The replicas set ensures that a specified number of replicas (identical copies) of Pods are running at any given time. Its primary purpose is to maintain the desired number of Pods for high availability and fault tolerance.
6.Can you explain the concept of rolling updates in Kubernetes?
Rolling updates in Kubernetes is a process of updating the deployed applications to the new version configuration. It means minimizing the downtime and ensuring that the applications remain available during updates
7.How does Kubernetes handle network security and access control?
Kubernetes provides several features to handle network security and access control within a cluster. These features like RBAC, and network policies to help secure communication between different components, control access to resources, and enforce policies.
8.Can you give an example of how Kubernetes can be used to deploy a highly available application?
If we want to make the application highly available we need to configure horizontal pod-autoscaling to automatically adjust the number of replicas so our application is highly available.
9.What is namespace is kubernetes? Which namespace any pod takes if we don't specify any namespace?
Namespace in Kubernetes is a kind of group of different resources we configure different resources under one namespace and different resources and namespaces.
If we don't specify it takes the default namespace.
10.How ingress helps in Kubernetes?
In Kubernetes, Ingress is a resource that manages external access to services within a cluster. It provides a way to route external HTTP and HTTPS traffic to different services based on the requested host and path
11.Explain different types of services in Kubernetes?
In Kubernetes, there are three types of services ClusterIP, NodePort, and LoadBalancer.
ClusterIP Exposes the Service on a cluster-internal IP address.
NodePort Exposes the Service on each Node's IP address at a static port (NodePort). It opens a specific port on every Node, and traffic is forwarded to the Service.
LoadBalancer Exposes the Service externally using a cloud provider's load balancer. The cloud provider provisions a load balancer that directs traffic to the Service.
12.Can you explain the concept of self-healing in Kubernetes and give examples of how it works?
In Kubernetes, the concept of self-healing refers to the system's ability to automatically detect and recover from failures without manual intervention
for example - if any pod is deleted or crashed the Kubernetes self-healing automatically creates a new pod and runs.
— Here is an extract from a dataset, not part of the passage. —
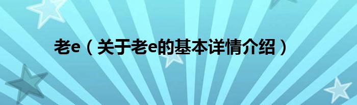 本文关于老e的基本详情介绍就讲解完毕,希望对大家有所帮助。

13.How does Kubernetes handle storage management for containers?
In Kubernetes storage management for containers is persistent volume and persistent volume claim. these components provide a way to decouple storage provisioning and management from the application, allowing for dynamic and flexible storage solutions.
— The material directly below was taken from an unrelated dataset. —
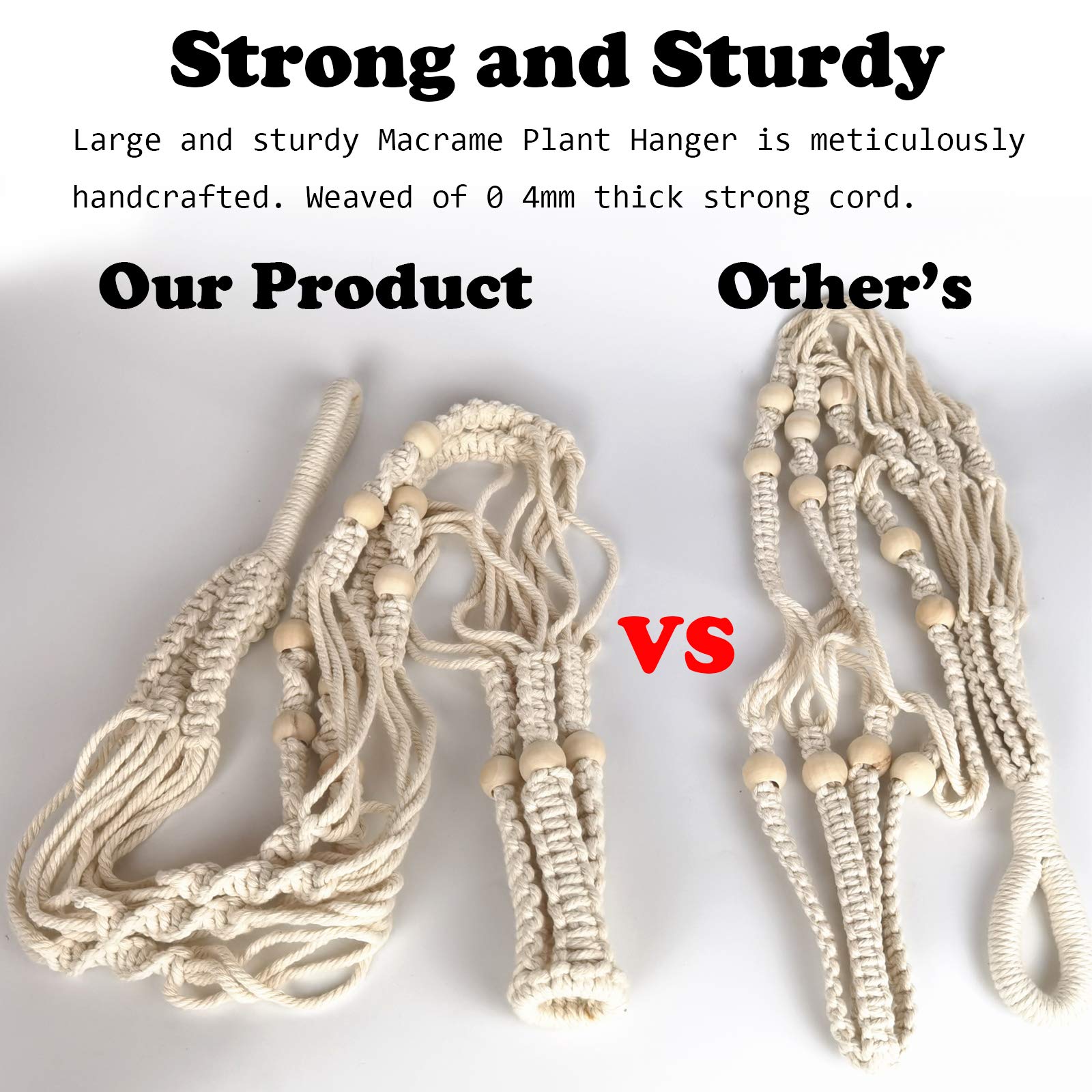Bouqlife 43 Zoll Makramee Pflanzenhänger Gross für 30,5 cm Topf Extra Lang Keine Quaste Baumwollseil Hängende Pflanzenhalter mit Deckenhaken Bohemian Home Decor

14.How does the NodePort service work?
In Kubernetes, a NodePort Service is a type of service that exposes a service on a specific port on each node in the cluster. It allows external access to services running within the cluster by mapping a specific port on each node to a port on the Service.
15.What is a multinode cluster and single-node cluster in Kubernetes?
In Kubernetes, a multinode cluster means the cluster consists of multiple nodes and a single node cluster that consists of a single machine running all the necessary components of Kubernetes.
16.Difference between create and apply in Kubernetes?
In kubernetes kubectl create and apply are used to create the resources but in kuberctl create if the resource is already created it will show an error and in kubectl apply it updates the resources.